Patterson will go down in Eagles lore for having the longest fumble recovery in team history. On the afternoon of September 24, 2006, Patterson picked up a fumble on the Eagles' own 2-yard line and ran 98 yards for a touchdown against the San Francisco 49ers.

On November 2, 2006, Patterson signed a 7-year contract extension through the 2016 season. It was worth up to $37 million with incentives, $9 million of which was guaranteed. He was only 24 games into his rookie contract when rewarded with the extension. Patterson would remark that he was encouraged by the performance of coach Andy Reid and the goodwill he had built among others in the organization.

During training camp before the 2011 season he collapsed and suffered a seizure. Patterson was diagnosed with cerebral arteriovenous malformation. He still started in the first 15 games of the season, missing the final game due to influenza.
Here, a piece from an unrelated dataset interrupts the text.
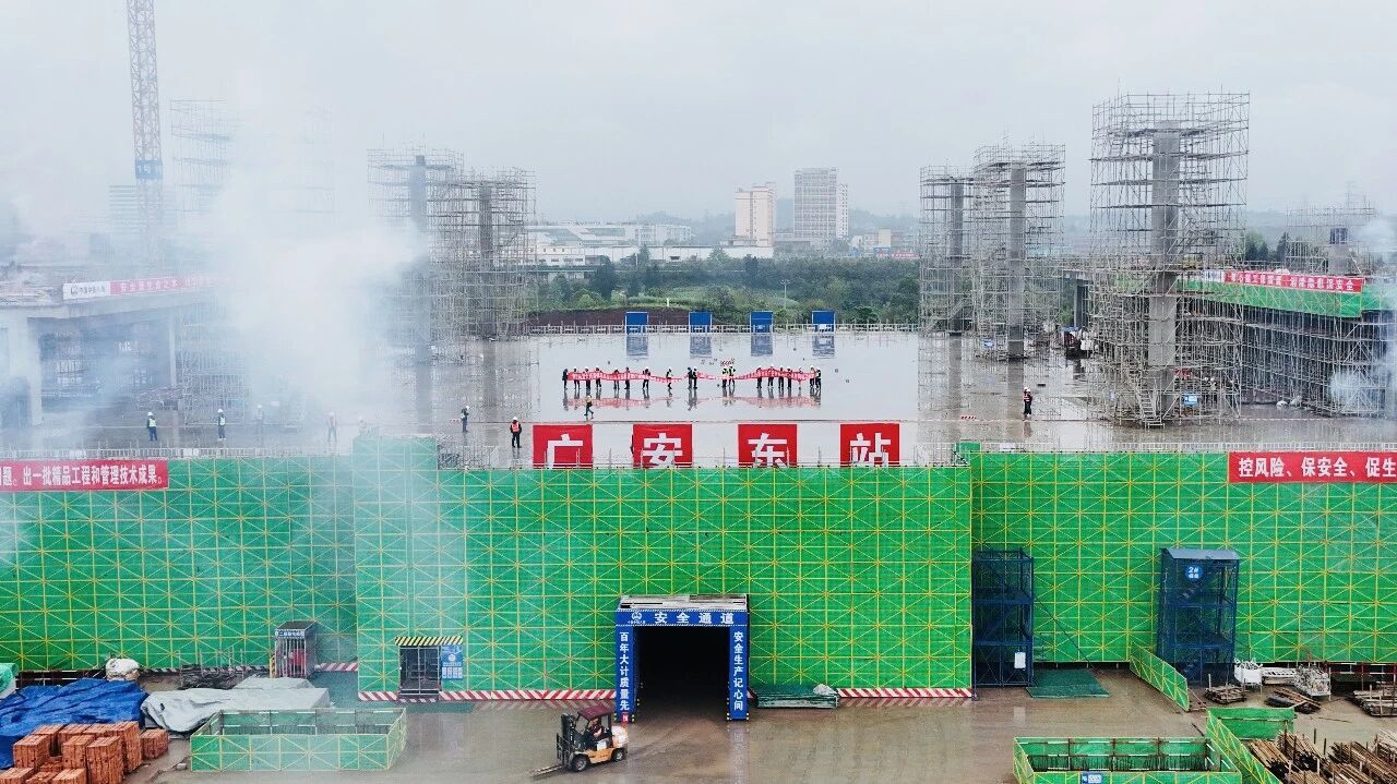 3月24日,广安东站站房主体结构顺利封顶。图据西南铁路

He underwent brain surgery on January 26, 2012, but he was not medically cleared to participate in training camp in 2012. He was placed on the active/non-football illness list on July 22, 2012. Patterson was released on February 25, 2013.

===New York Giants===
Patterson signed with the New York Giants on April 3, 2013. On Monday, March 31, 2014, the New York Giants re-signed Patterson.

===NFL statistics===

| Year | Team | GP | COMB | TOTAL | AST | SACK | FF | FR | FR YDS | INT | IR YDS | AVG IR | LNG | TD | PD |
|---|---|---|---|---|---|---|---|---|---|---|---|---|---|---|---|
| 2005 | PHI | 16 | 44 | 38 | 6 | 3.5 | 1 | 0 | 0 | 0 | 0 | 0 | 0 | 0 | 0 |
| 2006 | PHI | 16 | 52 | 38 | 14 | 1.5 | 0 | 3 | 98 | 1 | 0 | 0 | 0 | 0 | 2 |
| 2007 | PHI | 16 | 67 | 50 | 17 | 4.0 | 1 | 1 | 0 | 0 | 0 | 0 | 0 | 0 | 1 |
| 2008 | PHI | 16 | 42 | 28 | 14 | 0.5 | 1 | 1 | 0 | 1 | 21 | 21 | 21 | 0 | 1 |
| 2009 | PHI | 16 | 55 | 42 | 13 | 1.5 | 0 | 0 | 0 | 0 | 0 | 0 | 0 | 0 | 0 |
| 2010 | PHI | 15 | 37 | 30 | 7 | 2.0 | 0 | 1 | 0 | 0 | 0 | 0 | 0 | 0 | 0 |
| 2011 | PHI | 15 | 35 | 26 | 9 | 2.5 | 1 | 2 | 0 | 0 | 0 | 0 | 0 | 0 | 0 |
| 2012 | PHI | 5 | 6 | 3 | 3 | 1.0 | 0 | 0 | 0 | 0 | 0 | 0 | 0 | 0 | 0 |
| 2013 | NYG | 16 | 23 | 18 | 5 | 0.0 | 0 | 0 | 0 | 0 | 0 | 0 | 0 | 0 | 0 |
| 2014 | NYG | 16 | 27 | 15 | 12 | 0.0 | 0 | 0 | 0 | 0 | 0 | 0 | 0 | 0 | 0 |
| Career |  | 147 | 388 | 288 | 100 | 16.5 | 4 | 8 | 0 | 1 | 21 | 21 | 21 | 0 | 4 |

==Personal life==
At USC, Patterson met his eventual fiancée, Bianca, who was a resident adviser for his student housing. One of his college roommates, Jonathan Abrams, is now a journalist for The New York Times.